# flat panel knitting



## Sharpdrop (May 6, 2013)

My daughter bought me a Boye Scarf loom and the directions for the flat panel knit are awful! could someone please explain e-wrap cast on and flat panel knitting?


----------



## babsbarb (Dec 23, 2012)

I can't help you, but have you looked for a video on it? Videos are quite helpful, as you can work along with them and stop and start when needed. 
Lots of luck!!


----------



## Buttons (Feb 11, 2011)




----------



## Sharpdrop (May 6, 2013)

Thanks to both of you! I had searched but hadn't found amythimg as useful as those two videos!


----------



## Buttons (Feb 11, 2011)

You are so welcome Sharpdrop. All you have to do is go to you tube and then type in Loom knitting and look through the different videos or if its one particular item, then type that in and several will come up. I hope that helps also.


----------



## Moon Loomer (Jul 18, 2011)

Sharpdrop said:


> My daughter bought me a Boye Scarf loom and the directions for the flat panel knit are awful! could someone please explain e-wrap cast on and flat panel knitting?


Try this YouTube: 



 t . This is by Isla Philips, and she is a very good presenter and instructor in loom knitting. Her book, "Loom Knitting Premier" is one you will go back to for ever, finding something new and interesting. Another basic book that will carry you far, is by Kathy Norris, "I Can't Belive I'm Loom Knitting". Do the afghan of 12 stitches, it is a skill builder or take a few to all of the "twelve" for a sampler scarf. My best aid to even wrapping tension is "drinking straws". I cut them to half length then find the right "flavor" for the best tension. Insert the yarn in at the end of the straw that you cut. It will allow a smother exit for the yarn. I have used the straws for Payton's Lace through two strands of roving (6 wt) and a lot in between. Welcome to loom knitting. Moon Loomer


----------



## Buttons (Feb 11, 2011)

Moon Loomer said:


> Try this YouTube:
> 
> 
> 
> t . This is by Isla Philips, and she is a very good presenter and instructor in loom knitting. Her book, "Loom Knitting Premier" is one you will go back to for ever, finding something new and interesting. Another basic book that will carry you far, is by Kathy Norris, "I Can't Belive I'm Loom Knitting". Do the afghan of 12 stitches, it is a skill builder or take a few to all of the "twelve" for a sampler scarf. My best aid to even wrapping tension is "drinking straws". I cut them to half length then find the right "flavor" for the best tension. Insert the yarn in at the end of the straw that you cut. It will allow a smother exit for the yarn. I have used the straws for Payton's Lace through two strands of roving (6 wt) and a lot in between. Welcome to loom knitting. Moon Loomer


I do the same thing as you do with the straws. Ever since I learned, I was getting extra straws from the Eagles Club to use. The best ones I found so far were from Subways. I haven't seen the small straws in the stores. They are too big. I do have the book by Kathy Norris. I would like to get the other book as well.


----------



## Moon Loomer (Jul 18, 2011)

buttons said:


> I do the same thing as you do with the straws. Ever since I learned, I was getting extra straws from the Eagles Club to use. The best ones I found so far were from Subways. I haven't seen the small straws in the stores. They are too big. I do have the book by Kathy Norris. I would like to get the other book as well.
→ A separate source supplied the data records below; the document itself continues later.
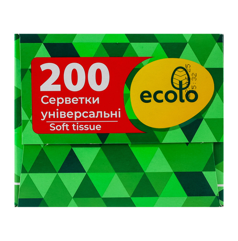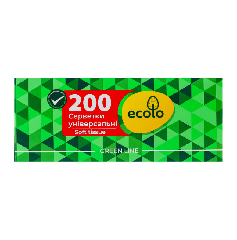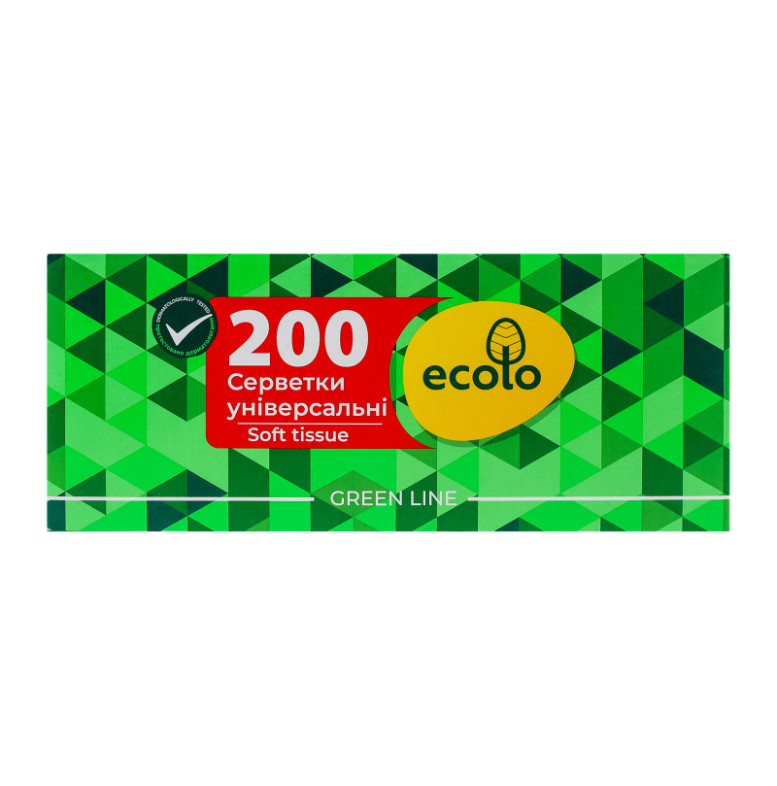 Серветки косметичні універсальні 2-х шарові 20х20см Green line Ecolo 200шт
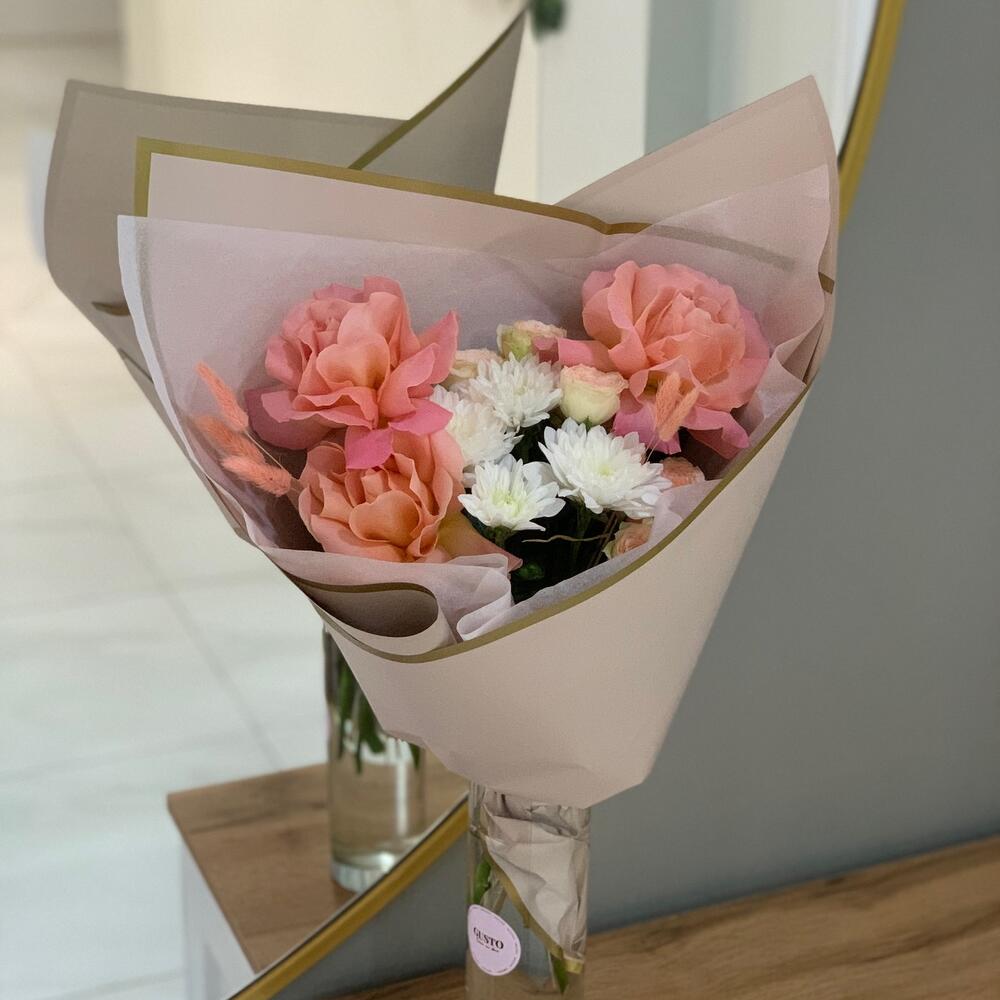 Кустовые розы, Лизиантусы, Розы, Сухоцвет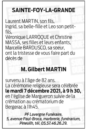 Décédé à Pessac (33600, France) le mercredi 1 décembre 2021 à l'âge de 82 ans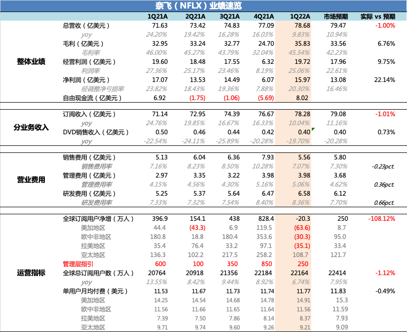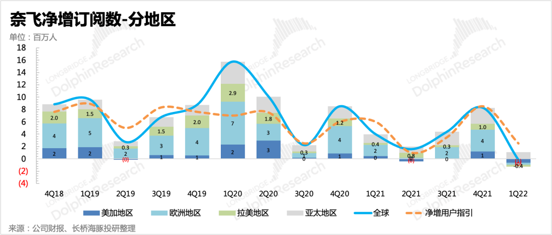 奈飞(NFLX.O)北京时间4月20日凌晨发布2022年第一季度财报。继上季度净增用户指引暴雷后,这次奈飞翻车升级,当季用户数直接环比下降了!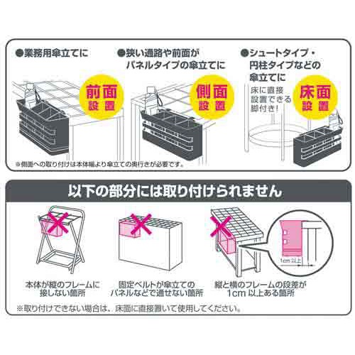 | 注意事項 | ※取り付けできない傘立てもあります。(イラスト参照) ※【返品に関するご注意】開梱または組み立て開始後のお客様組立て家具は、お客様のご都合による返品はお受けできません。 以下の点にご注意ください
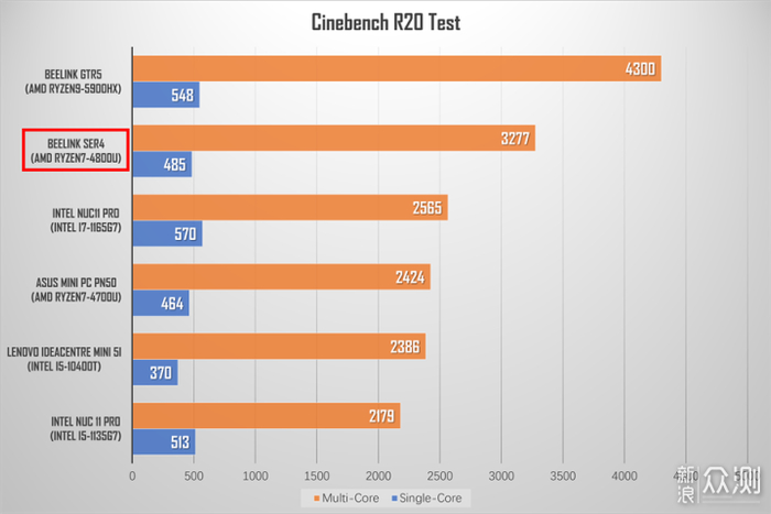 在更早版本的Cinebench R20测试中,SER4的CPU多核得分同样高于NUC。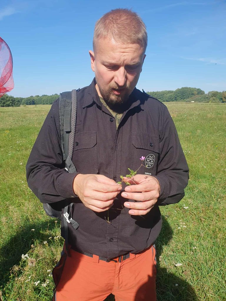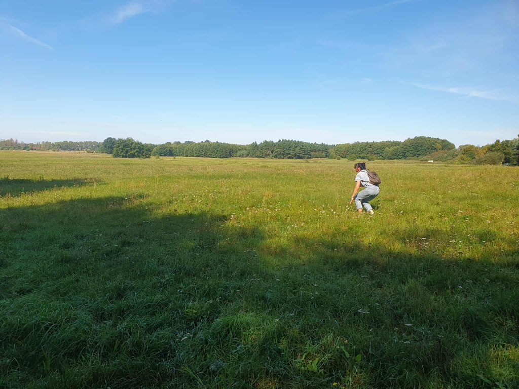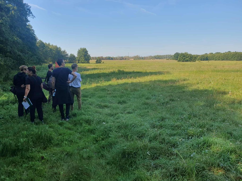 Dokonaliśmy obserwacji flory łąkowej tego miejsca. Jednym z gatunków, który zwrócił naszą uwagę był sit rozpierzchły Juncus effusus i skupiony Juncus conglomeratus. Widoczny był rów melioracyjny służący odwadnianiu tego miejsca. Dyskutowaliśmy na temat walorów tychże łąk. Wiele wskazywało na ich degenerację i przesuszenie, m.in. obecność iglicy pospolitej Erodium cicutarium czy lnicy pospolitej Linaria vulgaris. Zastanawialiśmy się jak działać dla ich dobra i co im zagraża.

Loom knitters are drinking straw, snobs or connoisseurs? I go for the latter. Ho ho, Moon Loomer


----------



## Buttons (Feb 11, 2011)

lol


----------



## DickWorrall (May 9, 2011)

You may also find this video interesting.




Dick


----------



## crafterwantabe (Feb 26, 2013)

Thanks Dick. Very helpful.


----------



## MKDesigner (Jan 27, 2014)

Here's another you might enjoy. I just got through watching this video on loom knitting a 2 sided scarf in two different colors. Very interesting. Looks quite simple once you get the hang of it.






Marge


----------